メタルボンドは、金属のフレームとセラミックの2層構造になっています。金属のフレームは、主に金合金やチタン合金が使用されます。金属のフレームを歯型に合わせて製作し、その上にセラミックを焼き付けていきます。金属のフレームが強度を担保し、セラミックが審美性を担保する構造になっています。メタルボンドは、長年使用されてきた技術なので、技工士の経験と技術が求められます。また、金属のフレームとセラミックの間で剥がれが生じるトラブルも報告されています。定期的なメンテナンスを行い、異常がないか確認することが大切です。
ゴールド
ゴールドは、金合金(金を主成分として複数の金属を混ぜたもの)でできた被せ物です。ゴールドは、自分の歯と近い硬さのため、適度なすり減りがあり、歯に馴染みやすいです。また、金属が腐食することがないので、長持ちします。
ゴールドのメリットは、以下のとおりです。
- 自分の歯と近い硬さで、歯に馴染みやすい
- 金属が腐食しないので、長持ちする
- 金属アレルギーの方にも使用できる
- 費用が比較的安い
ゴールドのデメリットは、以下のとおりです。
- 審美性が劣る
- 金属イオンが溶け出して口の中に金属味がする可能性がある
- 金属イオンが溶け出して歯茎や舌に色素沈着を起こす可能性がある
ゴールドは、歯に馴染みやすく、長持ちする素材なので、奥歯にも適しています。ただし、見た目や金属味には注意が必要です。
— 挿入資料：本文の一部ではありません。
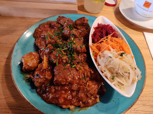 Jedzenie jest smaczne, aczkolwiek mogłoby być bardziej. Sos w placku po węgiersku jest za słodki i lekko przesolony. System obsługi klienta może wprowadzić niejednego w zakłopotanie. Niby jednak jest obsługa kelnerska, ale zamówienia są składane przy ladzie i od razu opłacane. Poza tym dania są łanie podawane, czas oczekiwania jest bardzo krótki, a wnętrze jest zadbane. Jedzenie jest dobre, ale w niczym nie zachwyca. Szkoda, bo lokal ma potencjał, a wystarczyłyby niewielkie zmiany by stać się dobrze prosperującą restauracją. Jeszcze jedna mała uwaga🙂. Wyłącznik światła w łazience jest przed wejściem przy pierwszych drzwiach. Ciężko go dostrzec w takim miejscu przy pierwszym użytkowaniu. English: The food is tasty, although it could be more. The sauce in the Hungarian pancake is too sweet and slightly salted. The customer service system can confuse many people. Apparently there is waiter service, but orders are placed at the counter and paid for immediately. In addition, the dishes are served, waiting times are very short and the interior is well-kept. The food is good but nothing special. It is a pity, because the restaurant has potential, and it would take only a few changes to become a thriving restaurant. One more little note. The bathroom light switch is in front of the entrance, by the first door. It's hard to see it in such a place the first...

以上、インプラントの被せ物について、素材や選ぶ際の注意点、費用などを詳しく解説しました。インプラント治療を考えている方や、インプラントの被せ物についてお悩みの方は、ぜひ参考にしてください。インプラントの被せ物は、自分の歯の状態や希望に合わせて選ぶことが大切です。
インプラント治療は、失った歯を回復するための優れた方法ですが、リスクもゼロではありません。手術中や手術後に感染症を起こすリスクや、上部構造の脱離や破損のリスクなどがあります。また、インプラント体が顎の骨と結合しない(オッセオインテグレーションが得られない)リスクもあります。これらのリスクを最小限に抑えるためには、信頼できる歯科医院で治療を受けることが大切です。また、治療後のメンテナンスを怠らないことも重要です。
インプラント治療は、保険適用外の自由診療です。費用は、歯科医院や治療方法によって異なりますが、1本あたり30万円から50万円程度が相場と言われています。ただし、この費用には、インプラント体の埋入手術から上部構造の装着までの一連の治療費用が含まれています。被せ物の種類によっても費用が異なるので、事前に歯科医院でよく相談することをおすすめします。
以上のポイントを踏まえて、自分に合ったインプラントの被せ物を選びましょう。インプラント治療は、自分の歯のような自然な噛み心地と見た目を取り戻すことができる素晴らしい治療法です。しっかりと情報を集めて、納得のいく治療を受けることが大切です。
歯科医師と相談しながら、最適なインプラントの被せ物を見つけましょう。